In the last few hours leading up to April Fools’ Day, you may have noticed several people posting any number of warnings to friends on Facebook and Twitter: “Do not be taken in,” they all said, “by the crazy stories people post.” Were there more of those admonitions this year than in the past? It seemed to me there were.
I value skepticism. I believe it’s in painfully short supply in our credulous country, which all too often sets ridiculous claims about everything from astrology to trickle-down economics to “traditional” marriage on equal footing with evidence-based, scientifically-sound arguments. Our newspapers, social media feeds, and television broadcasts often make it seem like every day is April first in America.

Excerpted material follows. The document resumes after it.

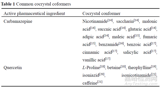 美國食品和藥物管理局(Food and Drug Administration, FDA)與歐洲食品和藥物管理局(European Medicines Agency, EMA)對共晶的定義有所不同, FDA將共晶分類為“溶劑化物的一種特殊情況, 且第二組分(配體)不是溶劑”, 并認為共晶不屬于新的活性物質(zhì); 而EMA指出“共晶與鹽具有許多概念上的相似之處, 溶劑合物應視為共晶的其中一類”, 并且EMA認為如果某種共晶對藥物的療效與安全性有所改善, 應視為新的活性物質(zhì)。共晶配體的選擇通常為安全無毒性物質(zhì), “一般公認安全”(generally recognized assafe, GRAS)清單中的化合物均可作為藥學上可接受的共晶配體, 常用的共晶配體如表1所示(以卡馬西平共晶和槲皮素共晶為例)。

We are hard-wired, evolutionarily, to believe. The mechanisms for belief have evolved in our brains. Some of us are better at it than others; I’m not so good at it myself. The necessary genes either didn’t make it into my DNA or didn’t get activated properly. But it’s second nature for most people.
I believe it’s time for us, in the 21st century, to develop a THIRD nature: a sustained practice of disbelief. In an era of heels-dug-in opinion, we’re in desperate need of a Culture of Doubt and Reflection. And the founding principle of that culture: all stories are lies.

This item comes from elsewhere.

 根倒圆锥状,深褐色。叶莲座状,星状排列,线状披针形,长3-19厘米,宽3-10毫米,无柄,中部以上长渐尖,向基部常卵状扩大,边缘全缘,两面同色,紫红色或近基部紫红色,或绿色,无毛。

I hope that assertion is fairly obvious when you consider fiction, plays, poetry: nobody expects literature to have any measurable truth value. (As distinct from Truth Value, by which I mean to refer to the ability of literature to create meaning.) But it’s also accurate, I would assert, about non-fiction as well.
What about journalism? I hate to be blunt, but I hope we can all at least admit the possibility that the occasional news story might be partly fabricated. More importantly, though: every article is still the result of a human mind sifting through facts and quotes and storylines and constructing a narrative that represents as much of the truth as possible, but not ALL of it. Something always gets left out. Some perspective goes unrepresented. Those selections turn the news into a series of lies of omission.
Autobiography? We have to distrust what people write about their own lives because memory is woefully inaccurate. Any number of studies have demonstrated how we construct memories rather than recalling them. We do not remember with any fidelity. We lie to ourselves, then we repeat those lies in the telling of personal stories.
May I suggest that your April Fools’ Day skepticism might be worth sustaining throughout the year? Question Everything, as we all used to say in a more rebellious time. It just makes sense.